Dinesh D'Souza, ridiculed on the left and right in America for his book "The Enemy at Home," was absolutely correct on this point.
We have to help the great middle in Islam, from a position of respecting their faith, deal with their death cults. One of Wretchard's readers referred to them as Luciferians. Here's what Dave wrote:
The Wahabi mentality is not limited to Muslims/Arabs/towelheads/other common pejoratives.
Approximately 50% of the Ron Paul supporters fit the profile. An equal or higher percentage of Buchanan acolytes do the same.
And we hardly need to mention moonbats, humanists, militant atheists, and a host of other usual suspects.
It all stems from fear of the hereafter. Dread that you will suffer some form of eternal damnation unless you do very nasty things to anybody and everybody that ever so slightly deviates from your notion of propriety. (And said notions tend to change very rapidly.)

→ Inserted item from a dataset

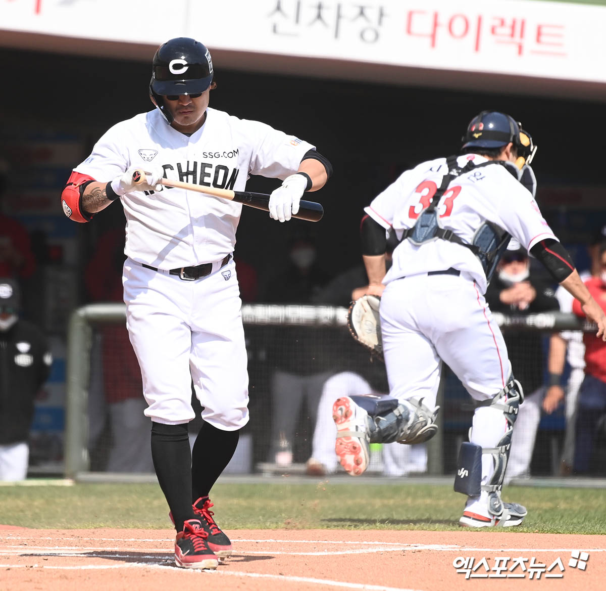 [엑스포츠뉴스 부산, 윤다희 기자] 23일 오후 부산 동래구 사직야구장에서 열린 SSG 랜더스와 롯데 자이언츠의 시범경기, 6회초 2사 SSG 추신수가 볼넷을 얻어 출루하고 있다.

To expose my own beliefs: I call this Luciferian in orgin. The imposition of behavior that if universal would result in species extinction. And promoting same as the only morality in existence.
The towelheaded Wahabis are currently the most prominent variety. That is because they can utilize illegal behavior and enjoy the strongest cash flow. However the Gorebots are not too far behind.
That may be too strong (may be) but it is a good formulation for understanding these folks who appear to be worldwide fellow-travelers. Quite often well-intended but hopelessly tools for evil. That's why vigilance is required, a vigilance that is not superhuman but is simple and quite "of this world." A vigilance that occasionally backslides, perhaps even regularly, but never gives up.